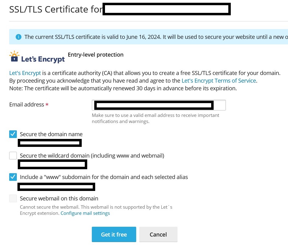 There, click Re-issue certificate or Install Certificate. When initiating the process, remember to add the entry for www as well
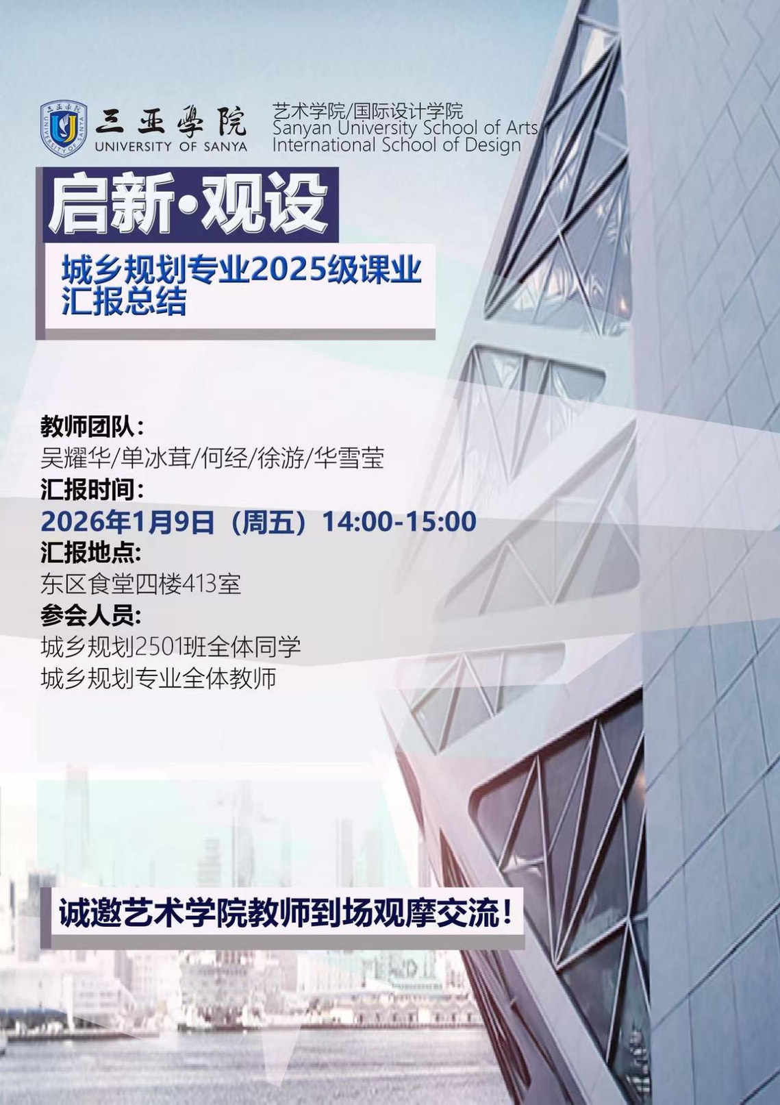 锚定教改方向,实践赋能入门。1月9日,三亚学院城乡规划专业2025级新生的首场专业汇报——“启新·观设”S/T模块课业总结会在东区实验室温暖落幕。在学校“让学生更好地走向社会”的办学使命指引下,这场以建筑制图、测绘成果为核心的汇报,深度契合国际设计学院“重实践、强应用、促融合”的教改理念,不仅是新生从“专业萌新”到“初涉实践”的成长见证,更具象化了专业落实“基础实践模块化、实践教学场景化”的教改举措,让每一份青涩的作品都成为应用型人才培养路上的坚实脚印。
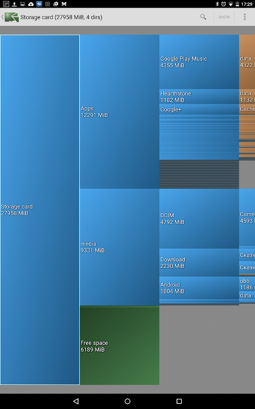 DiskUsage menyediakan cara untuk mencari fail dan direktori pada kad storan yang mengambil banyak ruang. Memaparkan gambar rajah dengan direktori / subdirektori berkadar dengan saiz mereka.
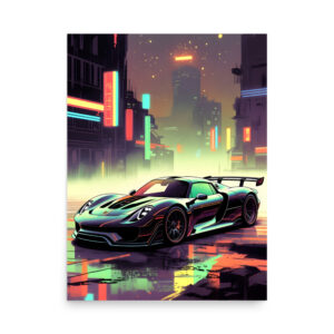 Futuristic German Supercar Neon Cyberpunk City Night Matte Poster – Art Print
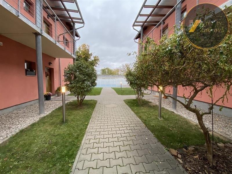 Nabízíme k prodeji krásný světlý byt 3+kk se zahrádkou ve viladomech Dvorská - v nové zástavbě v obci Řitka, okres Praha-Západ. Byt je v 1NP a je dispozičně řešen jako 3+kk (61m2), náleží k němu terasa (11m2), samostatná zahrada (80m2), sklepní koje (2,5m2), kryté parkovací stání (13m2) s kamerovým systémem. Byt se nachází v uzavřeném komplexu dvou dvoupatrových bytových domů (celkem 14 bytových jednotek), jehož součástí je společná zahrada kde se nachází krytý bazén 8x4m. Dispozice bytu: z předsíně je vstup do koupelny, samostatného WC, pokoje, kuchyňská linka včetně vestavěných spotřebičů (varná deska, el. trouba, digestoř, lednice, myčka) spojená s obývacím pokojem a dále vstup do ložnice. Vstup do zahrady je nejen z obývacího pokoje, ale i z ložnice. Plynové vytápění, klimatizace v bytě, plovoucí podlahy, koberec i dlažba. Veškerá občanská vybavenost v místě, krásné brdské lesy začínající za vila-domem, v němž se byt nachází a výborná dostupnost do Prahy (20 minut, přímé napojení na dálnici D4).
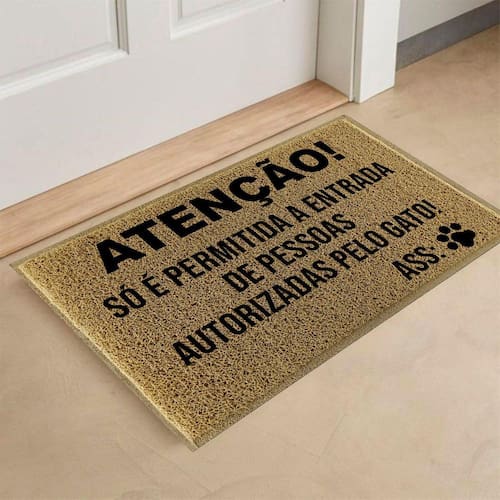 Tapete Gato 60x40cm Tapete Só é Permitida a Entrada de Pessoas Autorizadas Pelo Gato Tapete decorativo para sua casa. Características: Tamanho: 60 Cm X 40 Cm Material: Vinil Personalização: Pintado Cor Do Fundo: Bege Borda: Rebaixada 2cm Cor Do Logo: Preto. Marca: Não Informado Ean: 7908405800344
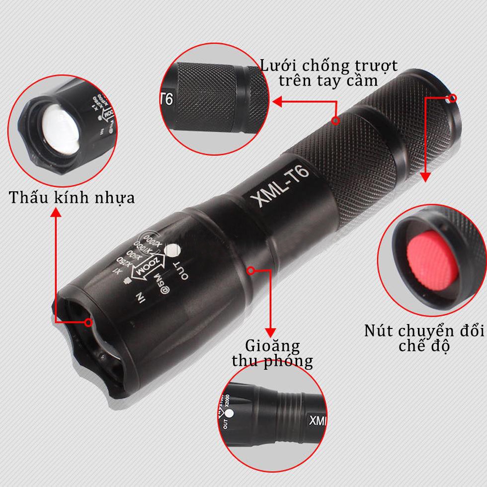 ĐÈN PIN MINI SIÊU SÁNG HÀNG FULL BOX VÀ PHỤ KIỆN - Đèn pin siêu sáng , đèn pin cầm tay model XML-T6 siêu sáng với công suất siêu sáng, sử dụng bộ pin sạc
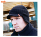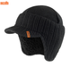 Stylish knitted peak cap with turn up hem and ear flaps. Soft wool effect inner lining.
....
- **Assignment**
Pictures aside, return all of the material exactly as written.

- **Task result**
 There, click Re-issue certificate or Install Certificate. When initiating the process, remember to add the entry for www as well
 锚定教改方向,实践赋能入门。1月9日,三亚学院城乡规划专业2025级新生的首场专业汇报——“启新·观设”S/T模块课业总结会在东区实验室温暖落幕。在学校“让学生更好地走向社会”的办学使命指引下,这场以建筑制图、测绘成果为核心的汇报,深度契合国际设计学院“重实践、强应用、促融合”的教改理念,不仅是新生从“专业萌新”到“初涉实践”的成长见证,更具象化了专业落实“基础实践模块化、实践教学场景化”的教改举措,让每一份青涩的作品都成为应用型人才培养路上的坚实脚印。
 DiskUsage menyediakan cara untuk mencari fail dan direktori pada kad storan yang mengambil banyak ruang. Memaparkan gambar rajah dengan direktori / subdirektori berkadar dengan saiz mereka.
 Futuristic German Supercar Neon Cyberpunk City Night Matte Poster – Art Print
 Nabízíme k prodeji krásný světlý byt 3+kk se zahrádkou ve viladomech Dvorská - v nové zástavbě v obci Řitka, okres Praha-Západ. Byt je v 1NP a je dispozičně řešen jako 3+kk (61m2), náleží k němu terasa (11m2), samostatná zahrada (80m2), sklepní koje (2,5m2), kryté parkovací stání (13m2) s kamerovým systémem. Byt se nachází v uzavřeném komplexu dvou dvoupatrových bytových domů (celkem 14 bytových jednotek), jehož součástí je společná zahrada kde se nachází krytý bazén 8x4m. Dispozice bytu: z předsíně je vstup do koupelny, samostatného WC, pokoje, kuchyňská linka včetně vestavěných spotřebičů (varná deska, el. trouba, digestoř, lednice, myčka) spojená s obývacím pokojem a dále vstup do ložnice. Vstup do zahrady je nejen z obývacího pokoje, ale i z ložnice. Plynové vytápění, klimatizace v bytě, plovoucí podlahy, koberec i dlažba. Veškerá občanská vybavenost v místě, krásné brdské lesy začínající za vila-domem, v němž se byt nachází a výborná dostupnost do Prahy (20 minut, přímé napojení na dálnici D4).
 Tapete Gato 60x40cm Tapete Só é Permitida a Entrada de Pessoas Autorizadas Pelo Gato Tapete decorativo para sua casa. Características: Tamanho: 60 Cm X 40 Cm Material: Vinil Personalização: Pintado Cor Do Fundo: Bege Borda: Rebaixada 2cm Cor Do Logo: Preto. Marca: Não Informado Ean: 7908405800344
 ĐÈN PIN MINI SIÊU SÁNG HÀNG FULL BOX VÀ PHỤ KIỆN - Đèn pin siêu sáng , đèn pin cầm tay model XML-T6 siêu sáng với công suất siêu sáng, sử dụng bộ pin sạc
 Stylish knitted peak cap with turn up hem and ear flaps. Soft wool effect inner lining.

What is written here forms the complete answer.